Hadoop
Hadoop is associate degree open supply project of the Apache foundation, it's a framework written in Java, originally developed by Doug Cutting in 2005, it was created to support distribution for Nutch, the text program. Hadoop uses Google's Map scale back and Google classification system Technologies as its foundation. Some of the major features of Hadoop are given below:
1. Hadoop Is Easily Scalable, what that means is new nodes can easily be added to the existing data, which makes it ideal to be used in open source projects.
2. Hadoop Is Fault Tolerant, it gets this reputation as the data is stored up in HDFS where the data is automatically gets replicated to other places.
3. It is great at faster data processing, which is attributable to its ability to try and do multiprocessing, hadoop will perform batch processes ten times quicker than on one thread server or on the mainframe.
Hadoop generates value edges by bringing parallel computing to the servers, leading to a considerable reduction within the value per TB of storage, that successively makes it cheap to model all of the information.
Hadoop scheme
Following are elements of Hadoop :
HDFS: Hadoop Distributed file system. It merely stores information files as close to original form of the that file.

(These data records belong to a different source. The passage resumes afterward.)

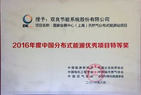 雙良本次獲獎項目國家會展中心位于上海市虹橋商務區(qū)核心區(qū),是全球最大的會展綜合體,是目前世界上最大的冷熱電聯(lián)供系統(tǒng),總制冷量達到24420KW。該項目每年可節(jié)省22870噸標準煤,減排二氧化碳7892噸,實現(xiàn)了國家會展中心節(jié)能減排目標,有效緩解了用能緊張的難題。 近年來,隨著政府對分布式能源發(fā)展的愈發(fā)重視,雙良在這一領域取得了厚積薄發(fā)式的快速發(fā)展,目前,雙良已在全球成功投入運營200多個典型冷熱電聯(lián)供項目,提供300多套冷熱電聯(lián)供系統(tǒng)解決方案,為城市節(jié)約能源、減少霧霾起到了關鍵性作用。 歷屆殊榮回顧: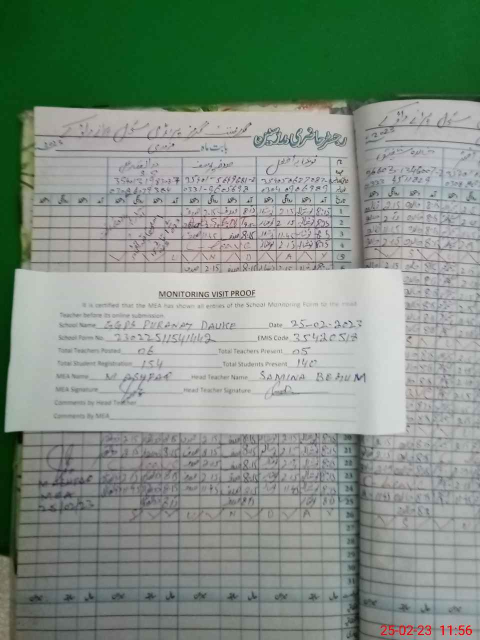 | Attendance Register | Head Teacher | MEA with School | Visit Proof |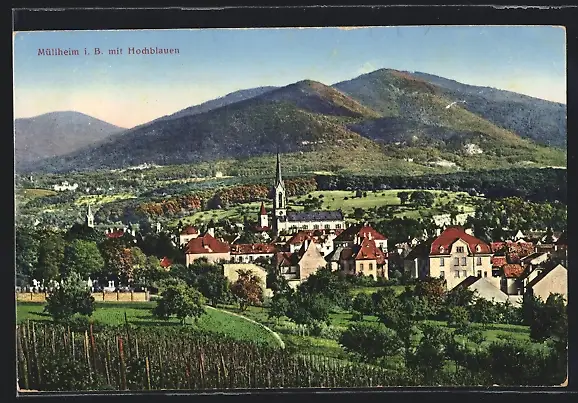 AK Müllheim i. B., Ortsansicht mit Hochblauen

HBase: It's Hadoop's database, it supports structured information storage for big tables.
Hive: It allows analysis of huge datasets employing a language like commonplace ANSI SQL, which means that anyone familiar with SQL ought to be ready to access information on a Hadoop cluster.
Pig: It's a simple to grasp information flow language. It helps with analysis of huge datasets that is kind of the order with Hadoop.